I’ve had it! I bought Need for Speed Carbon the day it arrived in stores. I ran out after work handed over my hard earned cash and ran home to install it. It was fun, and I loved it. Sounds great. But the game crashes all the time. Random crashes, no warning, no error, straight to desktop crashes. All the time. Patch 1.2, 1.3, 1.4, none of them do anything to improve the situation. I’ve reinstalled the game, Direct X, updated drivers all the recommended support tips. No good, still crashes. I started playing again, because I love the game and I bought it, and it still crashes. Because it’s random I can sometimes get through a fair bit before it crashes, other times one race. Sometimes in the car store, other times after cut scenes, the last time, which prompted me to write this, right in the middle of a race. ARGGGGHHH!!!!

Maybe it’s my system. Could be. But why wouldn’t Doom 3, Quake 4, Half-life 2, Tomb Raider, Bioshock, or Need for Speed underground, underground 2, or Most Wanted crash then too? In fact no other game I’ve played has crashed. My system is pretty much top of the line. Core 2 6400, 2Gb RAM, ATI 1900XTX 512Mb VRAM.

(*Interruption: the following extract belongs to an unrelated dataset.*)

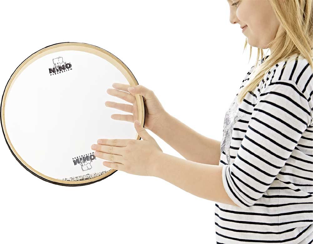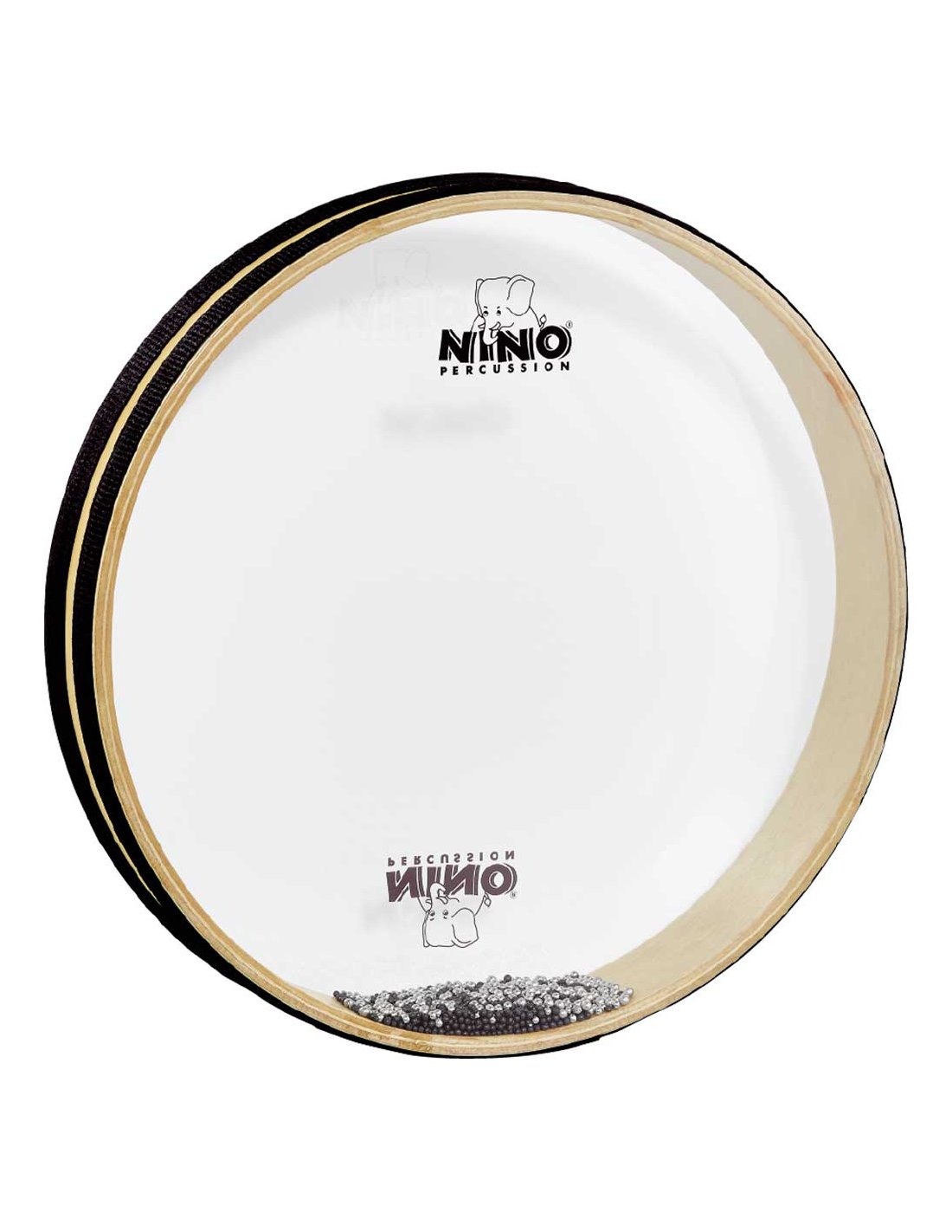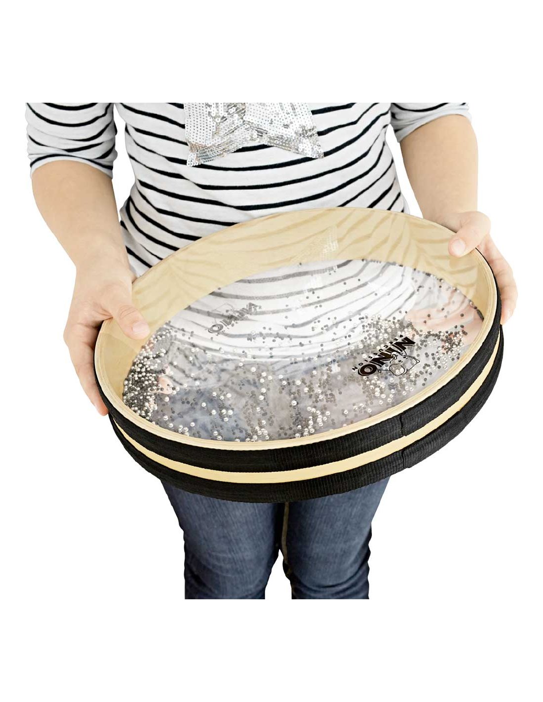 Le tambour océanique Nino de 12’’ possède des centaines de petites billes en métal enfermées entre deux membranes en cuir synthétique transparent. En déplaçant le tambour horizontalement et en le faisant tourner doucement, on recrée le son des vagues de l'océan.
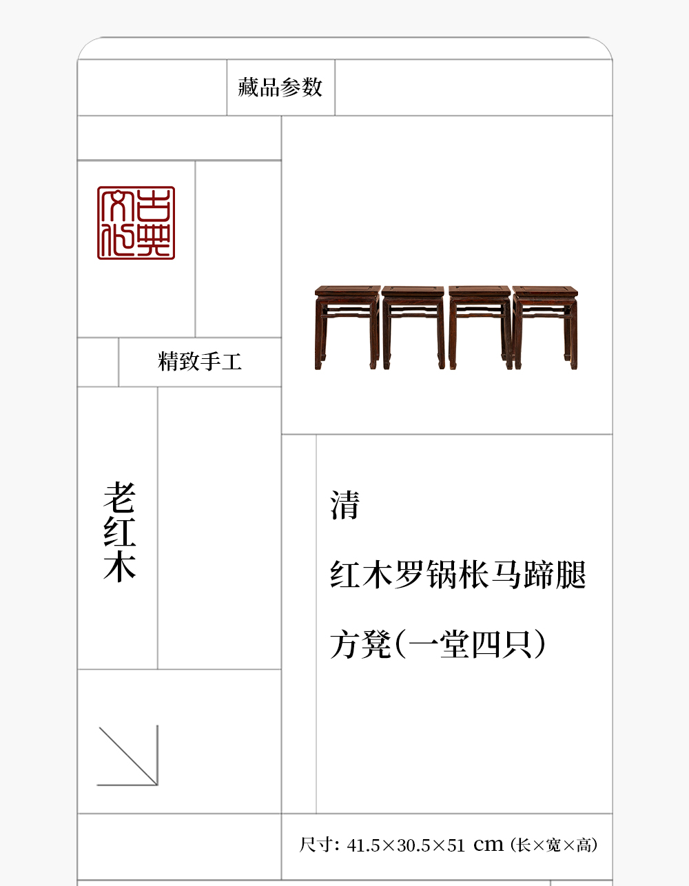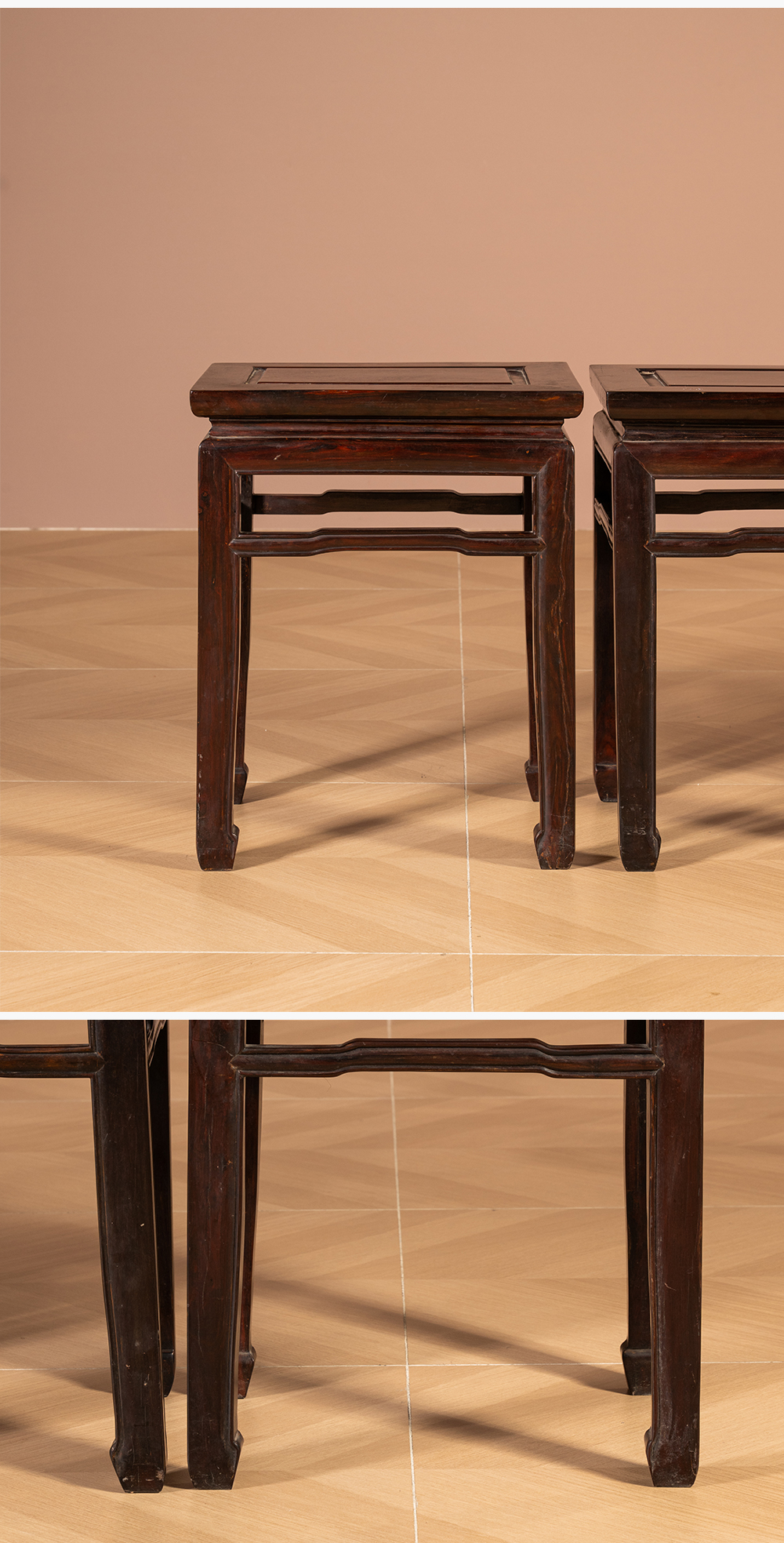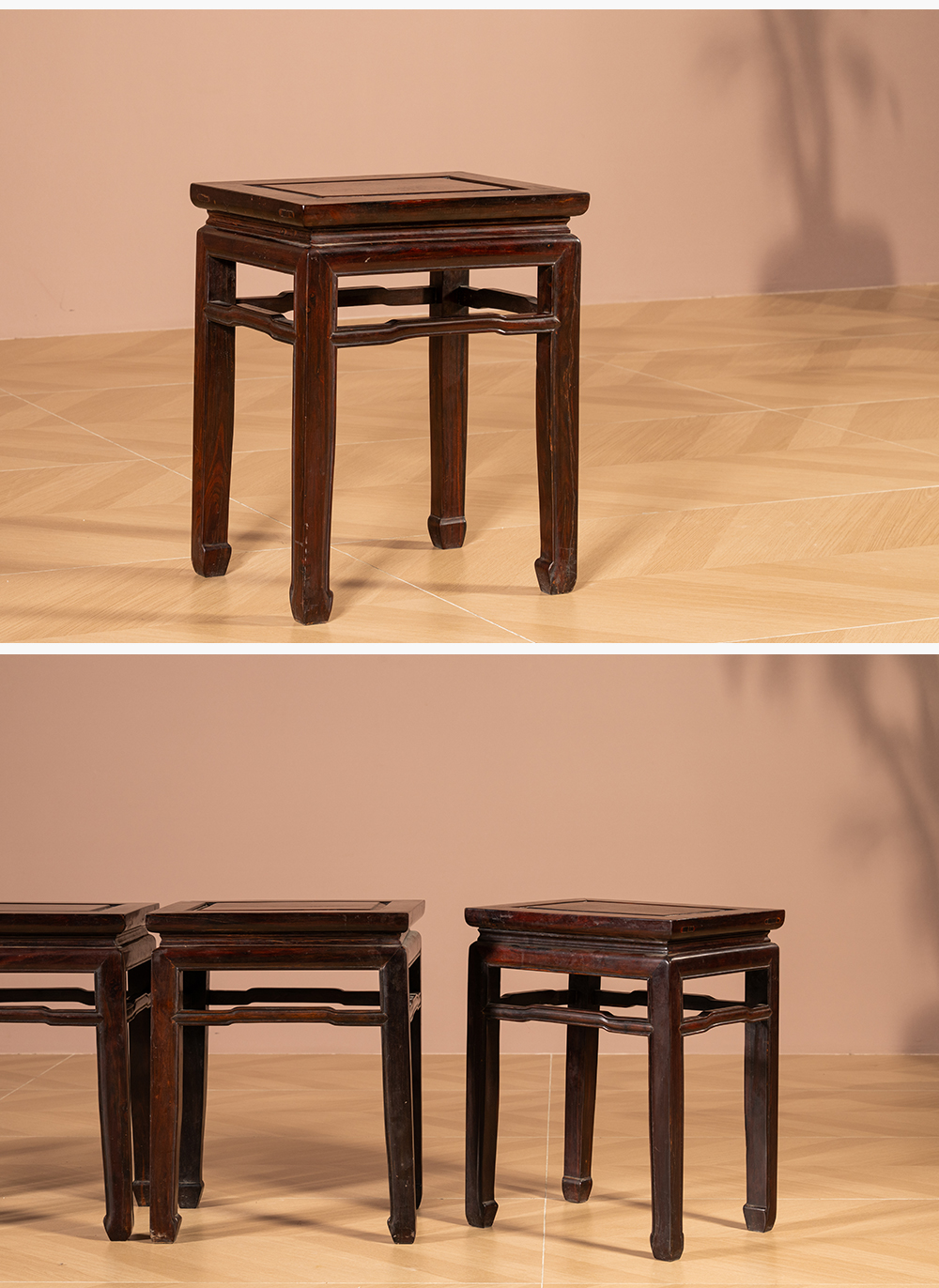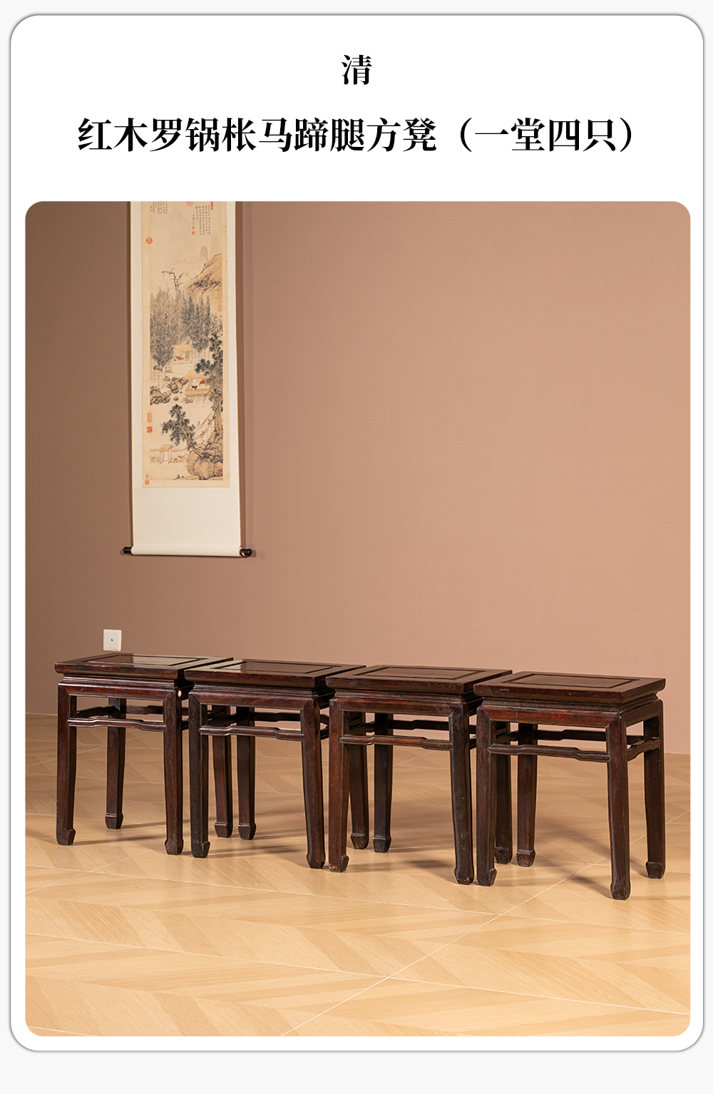 清代 红木罗锅枨马蹄腿方凳(一堂四只)

Why wouldn’t a company write a patch to resolve such a widespread, common problem. This is a well documented issue:

I understand not knowing how to trace an un-reproducible bug, that doesn’t seem to be a problem here. I understand having hardware that doesn’t meet the system requirements, not an issue as far as I’ve read. I understand abandoning a project, not the case here as there have been three patches released since it launch. So what’s the problem?

More importantly I want to know why EA would think that I would actually buy the next installment of this game that comes out this week, Need for Speed Pro Street, when they haven’t even gotten the last one to work! I for one am waiting to buy this game until the user reviews come out, becasue even the game magazines didn’t report this problem with carbon. Buyer beware.

Update

Crash DialogRight after I wrote this article, I found that the demo was online for Need For Speed Pro Street. I downloaded the 750 Mb file, installed it, and ran it. It trudged through the intro movies, flashy animations etc… Then I set my video setting to match my screen, this game at least supports my wide screen monitor, unlike Carbon. Setup my game pad. Then started the demo for the speed challenge. CRASH!!!!! I tried again, having to repeat all my setup procedures again. This time I quit after changing my settings, anticipating the crash and not want to set up my screen and controls again. Re-launched and tried again to start the race. CRASH!!!!!!!!! Wow, now I really want to buy this game.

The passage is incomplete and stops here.